Our findings provide further support for the continued use of the FHSQ as an outcome measure in clinical trials of foot disorders. However, although the recoding of FHSQ response from a Likert scale to a 100-point scale enables the FHSQ subscales to be expressed as interval data, the FHSQ has so far not undergone Rasch analysis - a statistical technique which evaluates whether overall scores summed from ordinal items can be considered to be linear, interval-level variables [47]. Such an analysis is necessary to confirm whether it is indeed appropriate to analyse FHSQ subscales using parametric statistical approaches.

In summary, this study has shown that the FHSQ pain and function subscales are most responsive to change over time in older people receiving a footwear intervention to alleviate foot pain.
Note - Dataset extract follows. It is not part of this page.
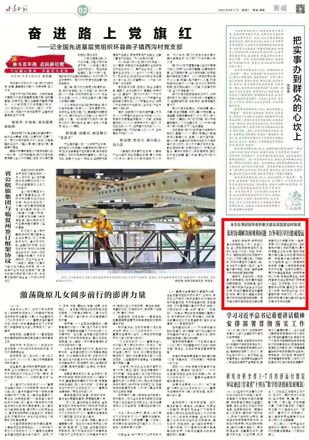 2021年8月17日,甘肃日报二版刊发新闻《朱玉在调研指导省列重大建设项目建设时强调:及时协调解决困难和问题 力争项目早日建成投运》。

The FHSQ footwear and general foot health subscales and the three subscales of the MFPDI exhibited lower responsiveness, so may not be appropriate outcome measures in this population. Further research is required to determine the internal responsiveness of the FHSQ as an outcome measure in trials of other foot disorders, interventions and clinical populations, and to evaluate external responsiveness against an appropriate reference standard.